Generally, challenges allow you to gain added benefits when you face a relatively low Difficulty and have a high modifier. You can also use challenges to attempt heroic actions, even when faced with a high Difficulty. In these cases, spending a Conviction point can help ensure success with all the added benefits of the successful challenge.

Standard Challenges

The challenges in this section apply to any ability or skill check. The Narrator has final say as to whether a challenge applies to a specific situation. Each challenge imposes either a +5 modifier to a check’s Difficulty or a –5 penalty to the check result.

Fast Task

You reduce the time needed to complete the check. If the check is normally a full-round action, it becomes a standard action. A standard action becomes a move action, while a move action becomes a free action. For checks requiring time in rounds, minutes, or longer, reduce the time needed by 25 percent per challenge. You cannot make a check as a free action via challenges if it normally requires a standard action or longer.

Calculated Risk

You can take a calculated risk on one check to make a follow-up check easier. For example, you could use Disable Device to overcome an initial safeguard to make disarming the whole trap easier. If you succeed at this challenge, you gain a bonus on the second check equal to the total penalty you accepted on the first. The two checks must be related and the first, penalized, check must carry some consequence for failure (that is, it cannot be a check where you can take 20).

Simultaneous Tasks

You can accept a challenge in order to perform two checks simultaneously. To attempt simultaneous checks, make the challenge check, followed by a second check using the same or a different trait. Your secondary check suffers a –10 penalty or a +10 increase in Difficulty. The combined task requires the same time as the longest normal task, so if both tasks require a standard action, you accomplish the simultaneous use in a single standard action rather than two.
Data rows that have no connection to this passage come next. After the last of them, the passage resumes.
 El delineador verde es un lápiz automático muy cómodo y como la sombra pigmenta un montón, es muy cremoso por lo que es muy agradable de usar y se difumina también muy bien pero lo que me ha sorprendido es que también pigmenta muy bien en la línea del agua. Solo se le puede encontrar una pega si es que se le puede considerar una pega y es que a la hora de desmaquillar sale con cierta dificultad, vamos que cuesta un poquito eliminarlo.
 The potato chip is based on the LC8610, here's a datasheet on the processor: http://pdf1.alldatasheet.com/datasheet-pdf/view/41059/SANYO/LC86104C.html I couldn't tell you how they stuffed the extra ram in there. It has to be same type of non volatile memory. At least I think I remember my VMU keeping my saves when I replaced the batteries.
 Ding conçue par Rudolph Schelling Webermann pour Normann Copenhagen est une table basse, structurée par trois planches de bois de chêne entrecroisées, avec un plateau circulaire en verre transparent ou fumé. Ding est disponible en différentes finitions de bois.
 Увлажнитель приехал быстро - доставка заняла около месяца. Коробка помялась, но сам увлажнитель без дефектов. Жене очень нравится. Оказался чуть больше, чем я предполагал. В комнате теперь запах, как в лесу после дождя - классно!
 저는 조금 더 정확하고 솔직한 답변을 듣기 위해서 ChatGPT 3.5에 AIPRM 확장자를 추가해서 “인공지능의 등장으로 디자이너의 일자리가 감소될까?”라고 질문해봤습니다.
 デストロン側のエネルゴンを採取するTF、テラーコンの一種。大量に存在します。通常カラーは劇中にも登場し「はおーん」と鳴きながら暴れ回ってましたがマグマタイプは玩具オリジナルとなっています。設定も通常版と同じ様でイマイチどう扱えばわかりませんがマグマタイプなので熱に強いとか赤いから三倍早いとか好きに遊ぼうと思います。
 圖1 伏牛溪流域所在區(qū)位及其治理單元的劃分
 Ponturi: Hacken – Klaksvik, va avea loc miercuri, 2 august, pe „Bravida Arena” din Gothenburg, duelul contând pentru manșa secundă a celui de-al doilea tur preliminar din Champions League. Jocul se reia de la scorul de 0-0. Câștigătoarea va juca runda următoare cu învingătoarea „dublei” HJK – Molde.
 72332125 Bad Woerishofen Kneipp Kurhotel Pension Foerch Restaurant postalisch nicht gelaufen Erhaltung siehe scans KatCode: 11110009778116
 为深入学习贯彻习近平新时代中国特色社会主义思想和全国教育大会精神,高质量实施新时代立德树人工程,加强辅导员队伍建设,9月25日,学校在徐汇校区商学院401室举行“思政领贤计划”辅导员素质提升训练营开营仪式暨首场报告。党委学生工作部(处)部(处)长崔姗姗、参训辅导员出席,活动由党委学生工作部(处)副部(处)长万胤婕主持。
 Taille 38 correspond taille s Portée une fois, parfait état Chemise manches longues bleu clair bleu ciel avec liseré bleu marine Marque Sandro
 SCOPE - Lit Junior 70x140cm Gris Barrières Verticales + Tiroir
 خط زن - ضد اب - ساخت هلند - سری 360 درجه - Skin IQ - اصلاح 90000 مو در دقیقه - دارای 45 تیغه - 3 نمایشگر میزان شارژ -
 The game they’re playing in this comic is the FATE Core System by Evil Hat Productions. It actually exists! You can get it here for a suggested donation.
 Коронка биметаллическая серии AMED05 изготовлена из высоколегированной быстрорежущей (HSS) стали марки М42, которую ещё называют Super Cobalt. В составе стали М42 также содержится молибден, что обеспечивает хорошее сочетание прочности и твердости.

In addition to these standard challenges, various skills have specific challenges associated with them. These are given in the skill’s description in Chapter Two.


Sometimes characters work together and help each other out. In this case, one character (usually the one with the highest bonus) is considered the leader of the effort and makes the check normally, while each helper makes the same check against Difficulty 10 (and can’t take 10 on this check). Success grants the leader a +2 bonus for favorable conditions. For every 10 full points the helper’s check exceeds the Difficulty, increase the bonus by +1, so a result of 20–29 grants a +3 bonus, 30–39 a +4, and so forth. In many cases, outside help isn’t beneficial, or only a limited number of helpers can aid someone at once. The Narrator limits aid as appropriate for the task and conditions.

Types of Checks

There are three main types of checks: skill checks, ability checks, and power checks.

Skill Checks

A skill check determines what you can accomplish with a particular skill (sometimes whether you’re trained in that skill or not). It is a roll of d20 + your rank in the skill and the skill’s key ability score against a Difficulty. Skill checks sometimes have gradations of success and failure based on how much your total roll is above or below the Difficulty. For example, if you fail a Climb check, you don’t make any progress. If you fail by 5 or more, you fall.

Ability Checks

An ability check is like a skill check, but measures raw ability, like strength, endurance, or intellect. It is a roll of d20 + your ability modifier against a Difficulty. Ability checks tend to be all or nothing (you can either accomplish the task or you can’t), although there are sometimes gradations of success or failure. Attempting a skill check without training (in other words, without ranks in the skill) is an ability check.

Example Ability Check
Task Ability
Forcing open a jammed or locked door Strength
Tying a rope Dexterity
Resisting injury, holding your breath Constitution
Navigating a maze Intelligence
Recognize a stranger you’ve seen before Wisdom
Getting yourself noticed in a crowd Charisma

Power Checks

A power check measures a character’s capability with a supernatural power. It is a roll of d20 + your power rank (adept level +3) plus the power’s key ability score against a Difficulty. See Chapter Four: Powers for details on power checks.

Attack Rolls

An attack roll determines whether or not you hit an opponent in combat. It is a d20 roll + your attack bonus. The Difficulty is your target’s Defense, which measures their ability to avoid attacks. If you equal or exceed your target’s Defense, your attack hits. Otherwise, you miss.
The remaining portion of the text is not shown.